Basic plugins
parse plugin
Enabled by default. Parse html content with complex rules. After task's execution, a parsed
property will be added on task
.
Options for task
task = {
...
parse: "title",
parseCheck(res) {return true;}, //optional
callback(task) {
console.log(task.parsed);
}
}
if parseCheck
is a function, it will be called first. Return true if you want to continue the parsing execution. You can also change parse rule dynamically in the funtion.
Options for crawler
{
...
filters: {
trim: v=>v.trim()
}
}
- Select an object
task = {
...
parse: { title: "title", warning: ".alert" },
}
- Select an array
task = {
...
// starts with '[' and ends with ']'
parse: "[ul li a @href]"
}
- Using scope
task = {
...
// first element of array: scope selector
// scope selector and use `[]` to process an array for divisions
// second element of array: element selector
parse: ["[ul li]", "a @href"]
}
- Select array of objects
task = {
...
parse: ["[.product_pod]", { title: "h3 a" }]
}
- Available attributes
"@html";
"@outerHtml";
"@text"; // default
"@string"; // direct text node's value
"@nextNode"; // next dom node's value
- Using filters
To apply filters to a value, append them to the selector using |
.
task = {
parse: "title | trim"
};
Or using array format to provide functions directly
task = {
parse: ["title", s => s.trim()]
};
To register filters on the instance, use filters
property in crawler's options.
attempt plugin
Enabled by default. In addition to letting the got
library handle retry, we can also handle it through this attempt plugin.

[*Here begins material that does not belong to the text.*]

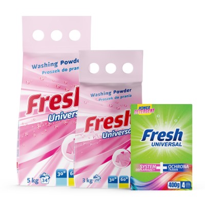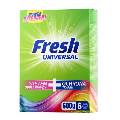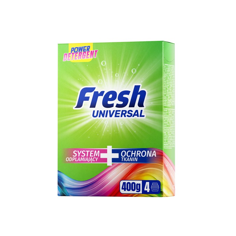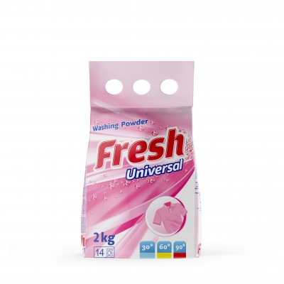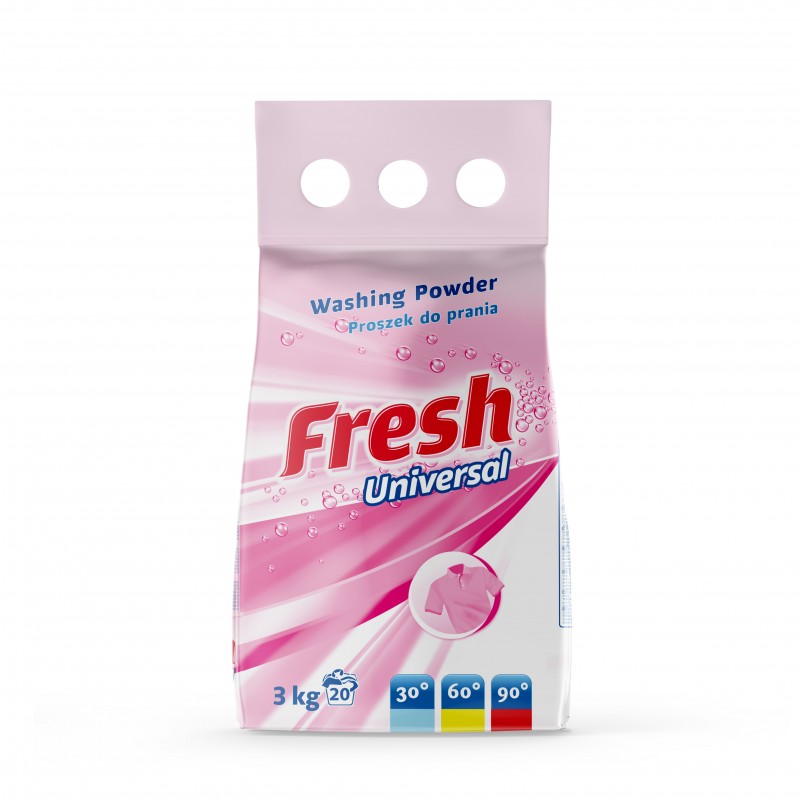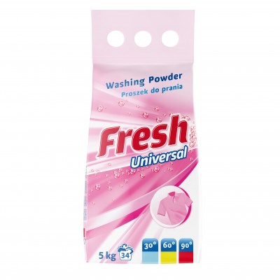 Univerzální prací prostředek Fresh pro barevné i bílé tkaniny pečuje o bavlnu, len a směsové vlákna při teplotách od 30 °C do 90 °C. Účinný v jakékoli pračce a pro ruční praní.
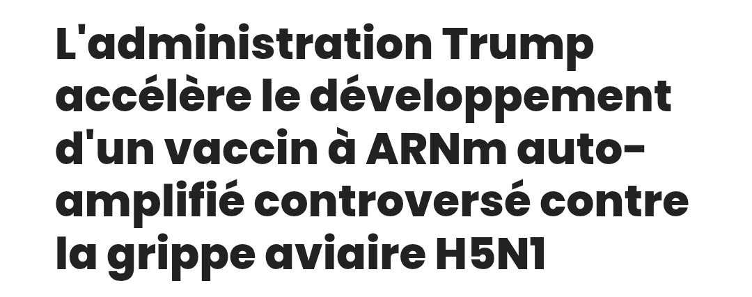 "L’administration Trump a accordé la désignation Fast Track à un candidat vaccin à ARNm auto-amplificateur (sa-ARNm) révolutionnaire – et controversé – ciblant le virus de la grippe aviaire H5N1.

Options for crawler and task.
{
// [retries, allowedStatuses, callback({ err, shouldRetry, maxRetry, task, crawler })]
attempts: [3, [404]];
// or simply a number
attempts: 3;
}
Default Callback function will log the error to console and re-add or resolve the task based on shouldRetry variable. When providing your own callback, defaultCallback will not be called. So make sure that the task will be resolved. But you can also return true value in your custom callback function and the plugin will call default Callback function automatically.
delay plugin
Enabled by default.
Options for task
{
// the number of milliseconds to wait before sending http request
delay: 3000;
}
follow plugin
Enabled by default.
Prerequisite: parse plugin
Workflow for this plugin: selector-parse => filterFunction => callback for each
Selector for parsing new urls and Callback function are required
Callback function should receive a url as parameter and return a task
FilterFunction will be used to filter selected results. And Default filter function on urls from selector is: urls=>urls.filter(v=>v)
let selector = '[a@href]';
let callbackFunc = url=>({url,parse:"title",callback(task){...}});
let followRule = [selector, callbackFunc, filter=urls=>urls.filter(v=>v)]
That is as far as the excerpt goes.